In order not to touch any VF memory or IO page table, TX Queue head
loading is using PF managed memory and PF isolation domain. This will
also introduce another dependency that while switching TX Queue between
PF space and VF space, TX Queue head value is not changed. HW provides
an indirect context access so that head value can be kept while
switching context.

In virtual channel model, VF driver only send TX queue ring base and
length info to PF, while rest of the TX queue context are managed by PF.
TX queue length must be verified by PF during virtual channel message
processing. When PF uses dummy descriptors to advance TX head, it will
configure the TX ring base as the new address managed by PF itself. As a
result, all of the TX queue context is taken control of by PF and this
method won't generate any attacking vulnerability

The overall steps for TX head loading handler are:
1. Backup TX context, switch TX queue context as PF space and PF
   DMA ring base with interrupt disabled
2. Fill the DMA ring with dummy descriptors and bump doorbell to
   advance TX head.
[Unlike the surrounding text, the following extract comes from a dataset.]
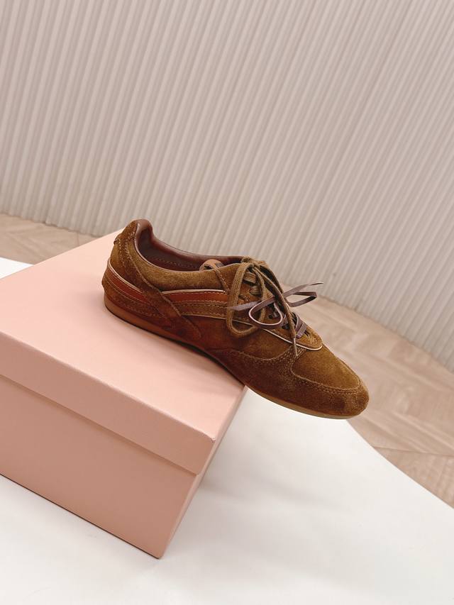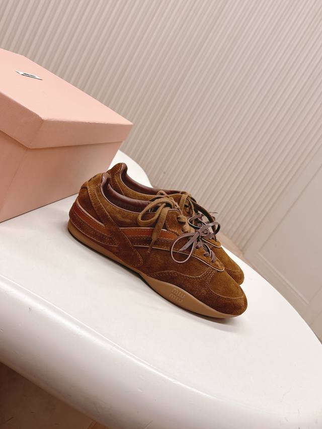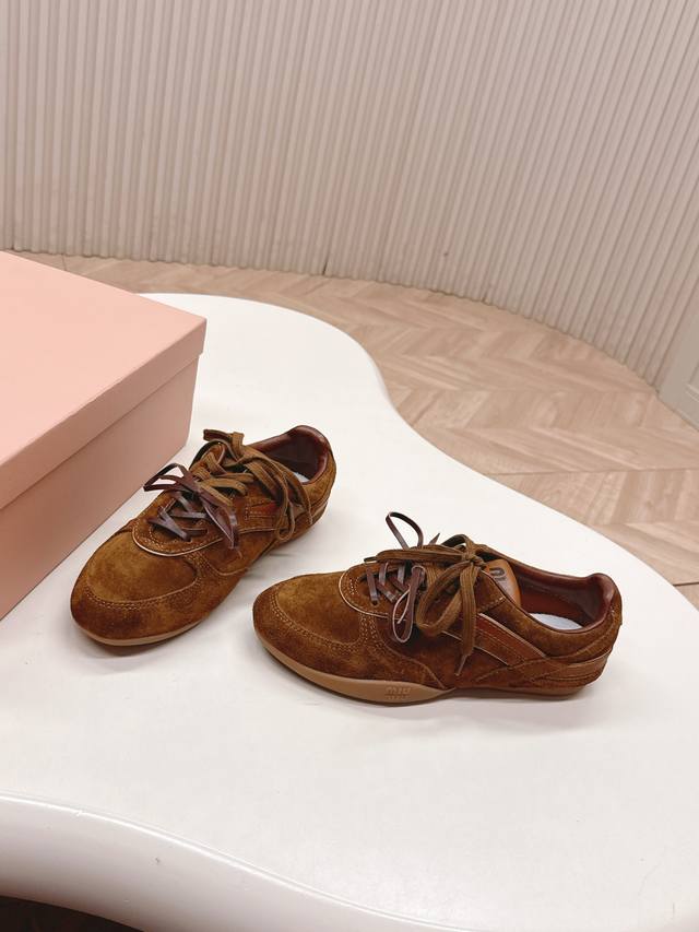 Selling the latest Miu Miu American retro style casual German training shoes with sheepskin lining. A must-have for stylish and trendy sneakers! Distressed and fashionable, simple yet sophisticated, easy to match, and very comfortable. A must-have of the year, this latest runway style athletic dad shoe has been all over the internet by bloggers both domestically and internationally. A must-have on Xiaohongshu (Little Red Book), retro yet fashionable, and looks amazing on ! Simple athletic design, highly recognizable tongue, creating a relaxed and sweet casual style. Full of presence, easy to match. Mainstream double-lace design, featuring a fashionable design. Made with imported cowhide suede and mesh material, with a mixed sheepskin lining, original private mold outsole. Size: 35-40.

Once kicking doorbell, HW will issue DMA and
   send PCI upstream memory transaction tagged by PF BDF. Since
   ring base is PF's managed DMA buffer, DMA can work successfully
   and TX Head is advanced as expected.
3. Overwrite TX context by the backup context in step 1. Since TX
   queue head value is not changed while context switch, TX queue
   head is successfully loaded.

Since everything is happening inside PF context, it is transparent to
vfio driver and has no effects outside of PF.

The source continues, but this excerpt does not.